Pessoal, estou estudando Java a uma semana, portanto não chinguem minha santa mãezinha de nada caso achem essa pergunta um tanto idiota.

O problema é o seguinte:
Notei que em alguns códigos existe o método main() logo no início do código e em outros não existe esse método, eu gostaria de saber onde e quando usar esse método, e para que ele serve tbm.

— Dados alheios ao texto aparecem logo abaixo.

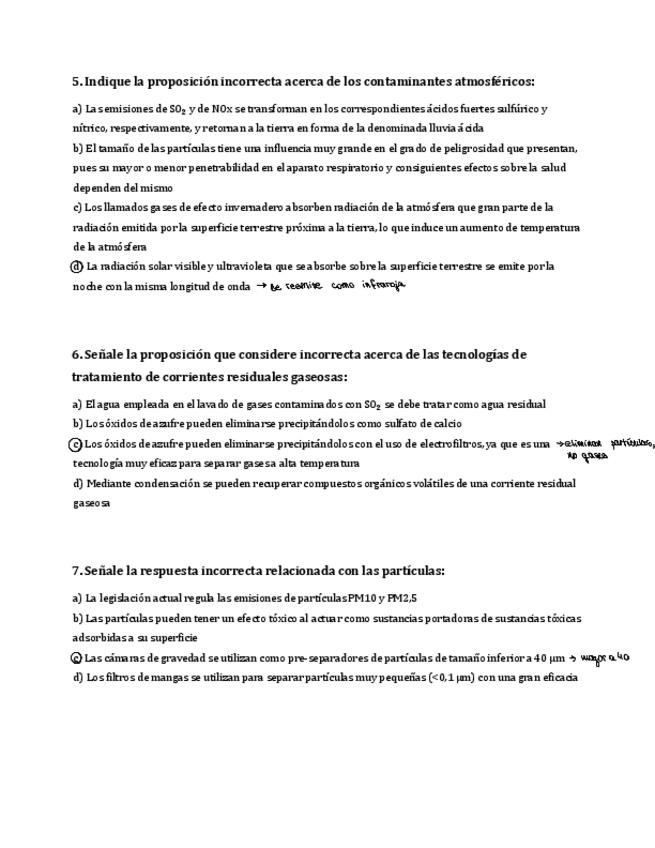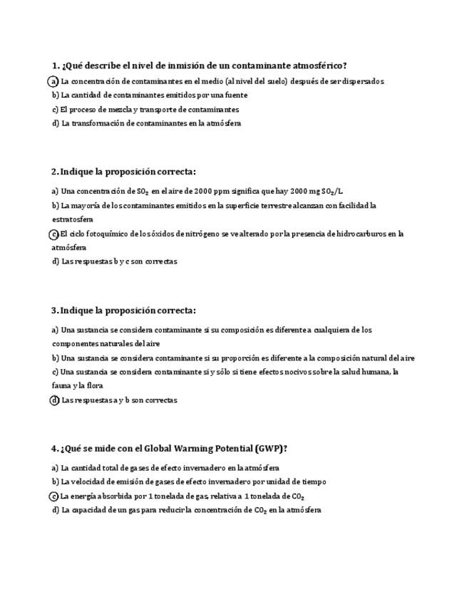 Preguntas tipo test de medioambiente recopiladas de exámenes anteriores (parciales y finales).

Obrigado a todos que puderem ajudar.

----------


## hez4el

Ola gustavo.

É o seguinte, quando uma classe possui a função main quer dizer que ela é um corpo executavel. Geralmente classes que não possuem o main() são objetos e ao invés disto tem o metodo construtor que tem o seu proprio nome ex:

class MEGAFONE{

public MEGAFONE(){
// metodo construtor
}
}


As classes com main sao o corpo do programa

class Principal{
MEGAFONE mega = new MEGAFONE(); // chamada ao objeto

public static void main(String args[]){
// metodo principal
// o programa inicia aqui
}

}


Espero ter ajudado!

----------


## gustavo_marcon

Opa. Obrigado pelo seu retorno.

Mas eu vi vários programas que não têm o método main() em nenhum lugar do código, por que será? Isso pode aconteder?

----------


## hez4el

Eles nao exeutam, são apenas classes base para objetos.

----------


## eric_silva

E aí cara blz?!
Vou tentar tirar sua dúvida sobre o método main. saca só...
Esse método é usado para indicar ao compilador que esse é um aplicativo que deverá ser executado.
Os aplicativos Java começão a execução por main.
A definições de classe contêm normalmente um ou mais métodos. Para uma classe de aplicativo Java, um desses métodos é o main. Os métodos podem realizar tarefas ou retornar informações.
Qualquer coisa escreve outro tópico no fórum...

----------